» Task
Please restate word for word the lines of the entries below from the one with "2023年5月22日上午,湖" to the one with "Zodra de bonen", inclusive, and leave out every picture.

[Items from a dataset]
----------

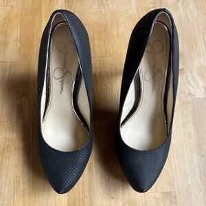 JESSICA SIMPSON Parisah Matte Black Snake Platform Boho Pump Stilettos Size 8M
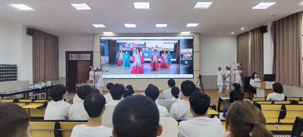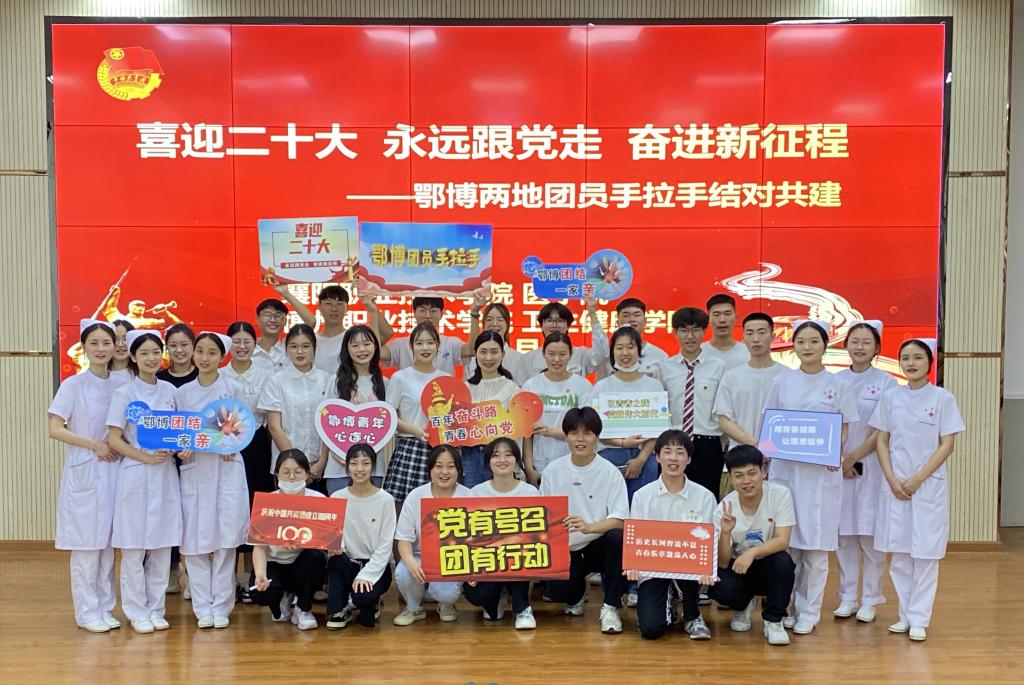 优秀团员代表医学院口腔2113班张立果、检验2001姚若晴分别与博职卫生健康学院护理21104马海波、护理21109穆婉玉线上结对。随后,博职卫生健康学院带来民族舞蹈《有这么一个地方》、诗朗诵《读中国》,医学院带来《奉献》护理礼仪展示。结对学生真挚的话语,别样的民族风情舞蹈,温暖了两地青年,拉近了鄂博的距离。
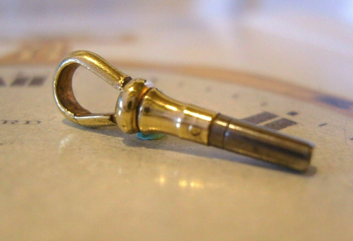 Antique Pocket Watch Chain Fob 1890s Victorian Brass & Steel Dog Clip Key Size 6
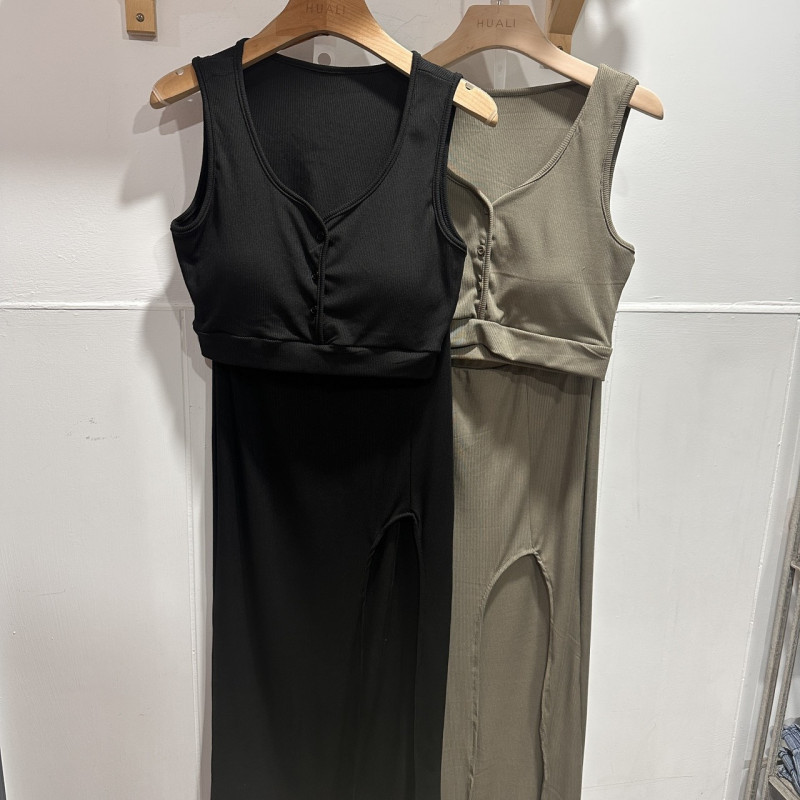 熱賣中🔥 即將售完A691罩杯背心+前開衩長裙套裝(綠)
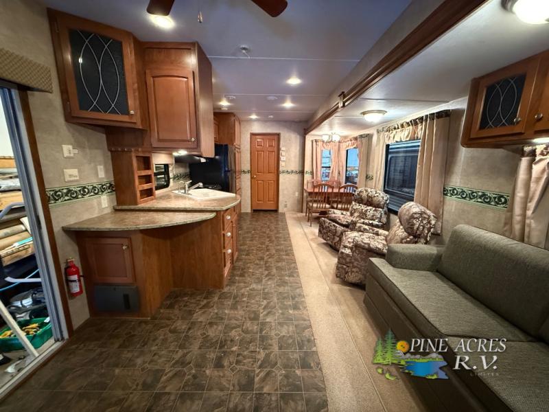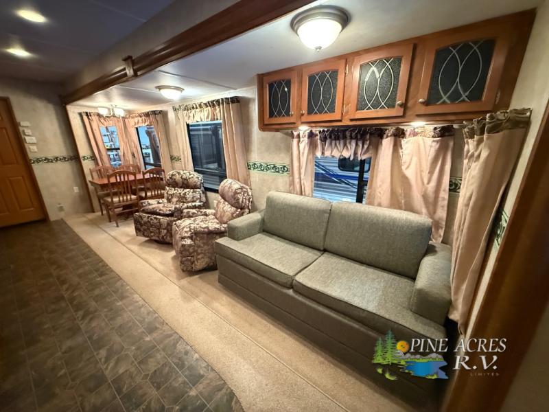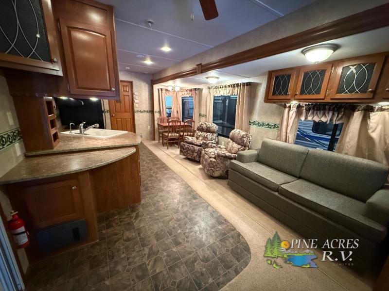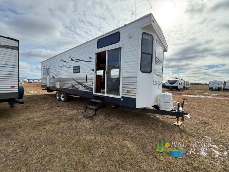 Introducing the 2010 Keystone RV Residence 401FE Park Model, a perfect blend of comfort and functionality for those seeking a home away from home. This meticulously maintained RV offers a spacious and inviting living environment, thanks to its two slide-outs that significantly enhance the interior space. With a length of 33 feet, this park model is designed to provide ample room for relaxation and entertainment, making it an ideal choice for both short getaways and extended stays.
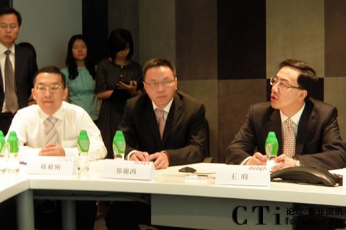 上图:右一为Avaya中国公司总经理王昀先生、右二为Avaya亚太区系统工程总监郑锦鸿
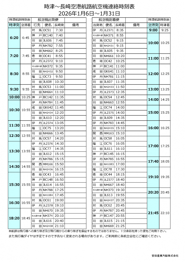 飛行機の遅延などにより長崎空港発の便を遅らせる場合があります。
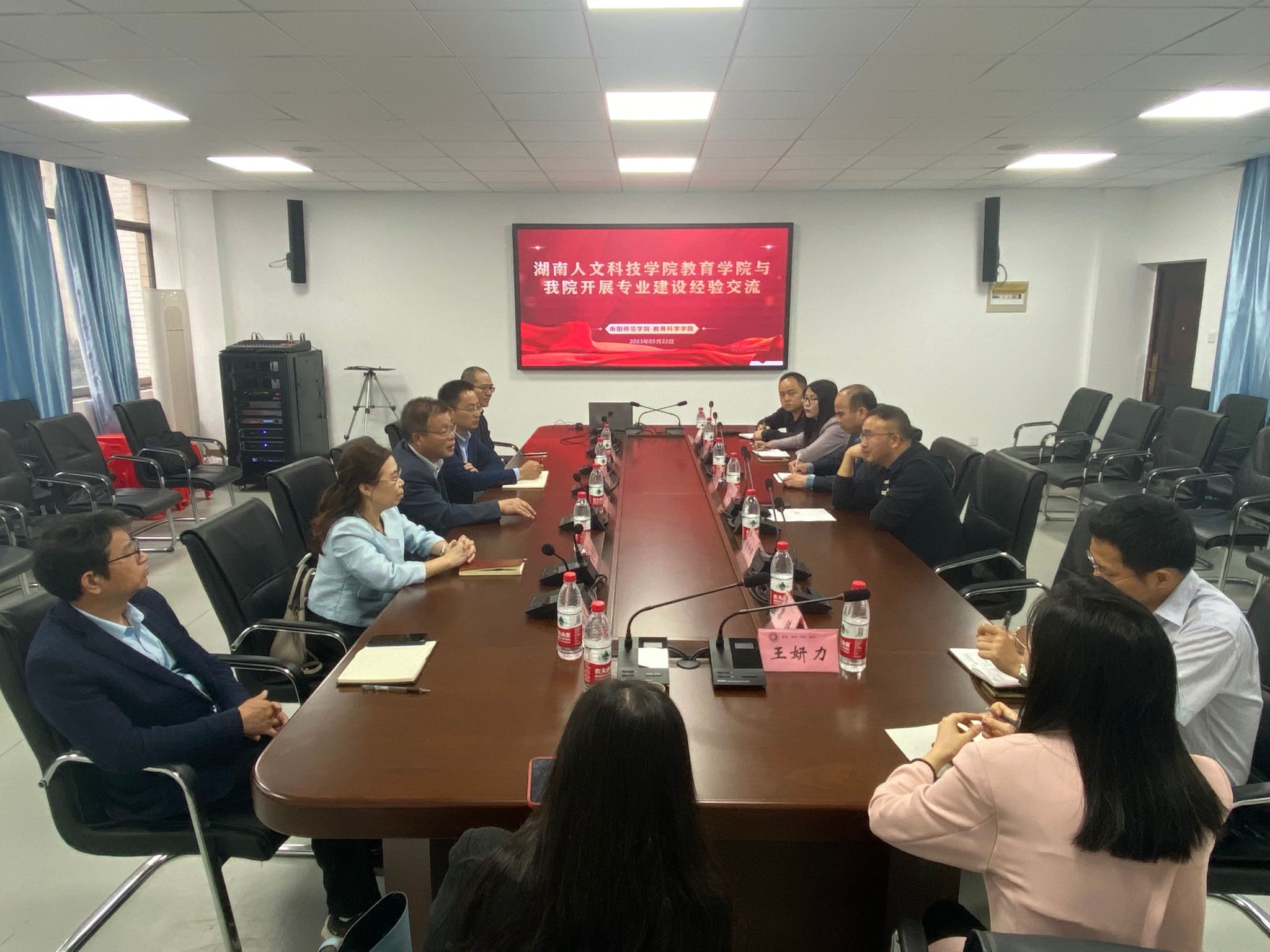 2023年5月22日上午,湖南人文科技学院PA视讯平台来PA视讯平台开展专业建设经验交流。经验交流会在行知楼412会议室举行,由PA视讯平台郑志辉院长主持。湖南人文科技学院教育学院院长刘超良、副院长刘黎明、学前教育教研室主任赵艳红、应用心理学教研室陈高恒博士、历史学教研室主任王向文博士,PA视讯平台郑志辉院长、副院长梁文明、心理系主任阳晓艳、教育学系主任王妍力、实验中心主任刘世瑞、学前教育专业负责人童宏亮、学前教育专业教师黎琦以及我校法学院历史学专业贺丽娟博士参加了经验交流会。
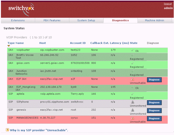 圖5中綠色表示正常,紅色表示出現(xiàn)問(wèn)題,白色表示從沒(méi)有接通過(guò)。如果你按診斷(Diagnose),系統(tǒng)便會(huì)通過(guò)自動(dòng)測(cè)試,告訴你問(wèn)題出自哪一部分。如果需要對(duì)每一個(gè)的詳細(xì)解析,可以按底部Why這個(gè)標(biāo)題,找尋答案。類似的終端、話機(jī)等配置、硬件診斷等,也有非常明了的界面與解決問(wèn)題的辦法。
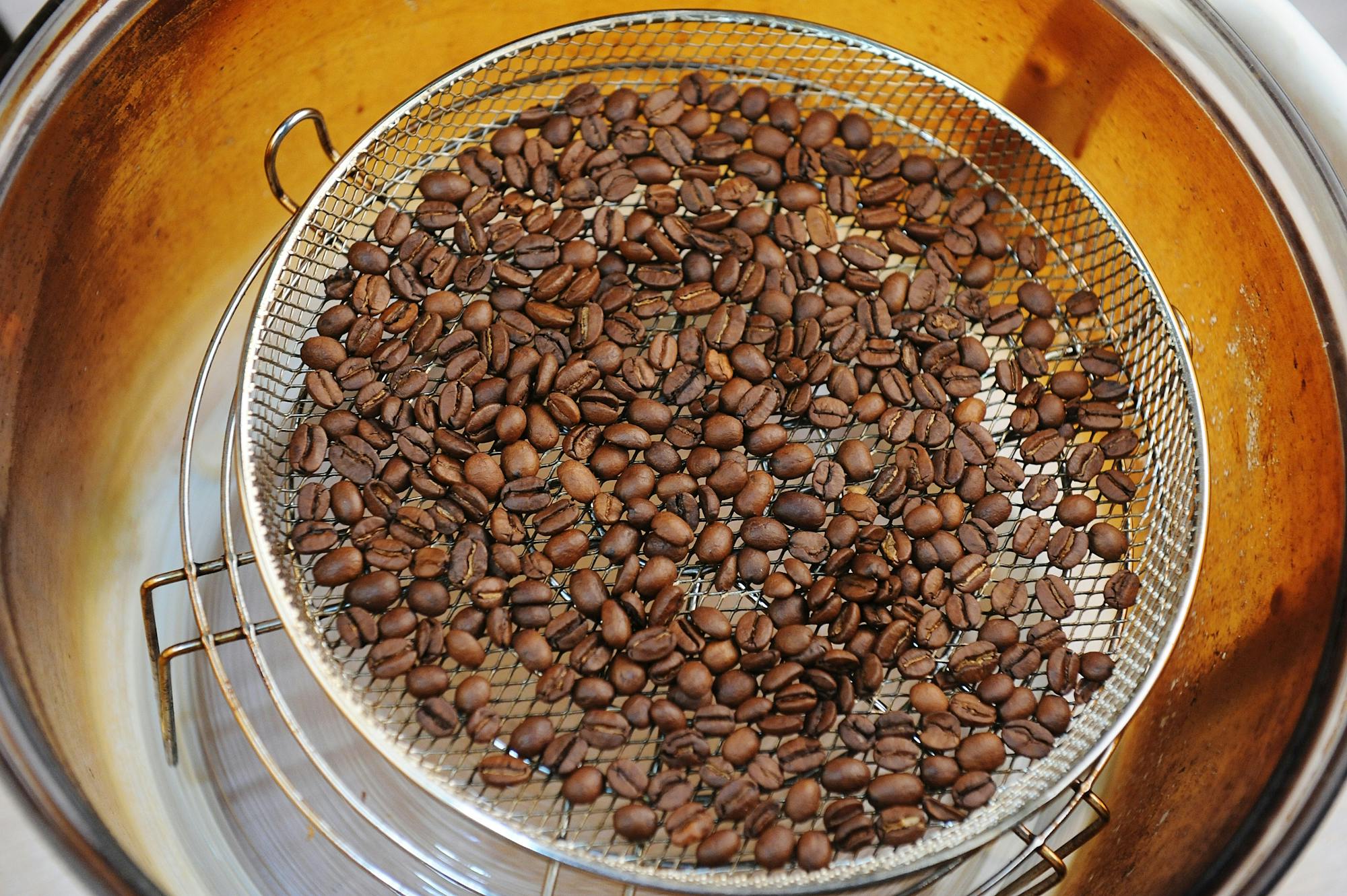 Zodra de bonen klaar zijn, stop je het brandproces en laat je de bonen afkoelen.
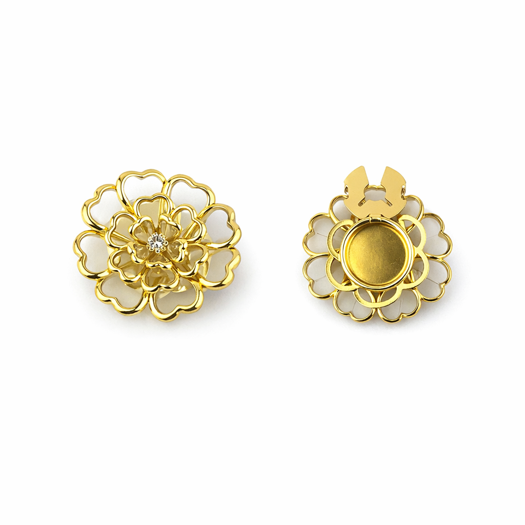 Vores knappeskjuler er designet til dig, der ønsker at opgradere dit outfit på en enkel og stilfuld måde. Med dette elegante button cover kan du forvandle en almindelig skjorte eller bluse til et personligt og eksklusivt look på få sekunder. Knappeskjuleren klikkes nemt fast over din eksisterende knap og kræver hverken syning eller permanente ændringer af tøjet.

----------

» Solution for this problem
 2023年5月22日上午,湖南人文科技学院PA视讯平台来PA视讯平台开展专业建设经验交流。经验交流会在行知楼412会议室举行,由PA视讯平台郑志辉院长主持。湖南人文科技学院教育学院院长刘超良、副院长刘黎明、学前教育教研室主任赵艳红、应用心理学教研室陈高恒博士、历史学教研室主任王向文博士,PA视讯平台郑志辉院长、副院长梁文明、心理系主任阳晓艳、教育学系主任王妍力、实验中心主任刘世瑞、学前教育专业负责人童宏亮、学前教育专业教师黎琦以及我校法学院历史学专业贺丽娟博士参加了经验交流会。
 圖5中綠色表示正常,紅色表示出現(xiàn)問(wèn)題,白色表示從沒(méi)有接通過(guò)。如果你按診斷(Diagnose),系統(tǒng)便會(huì)通過(guò)自動(dòng)測(cè)試,告訴你問(wèn)題出自哪一部分。如果需要對(duì)每一個(gè)的詳細(xì)解析,可以按底部Why這個(gè)標(biāo)題,找尋答案。類似的終端、話機(jī)等配置、硬件診斷等,也有非常明了的界面與解決問(wèn)題的辦法。
 Zodra de bonen klaar zijn, stop je het brandproces en laat je de bonen afkoelen.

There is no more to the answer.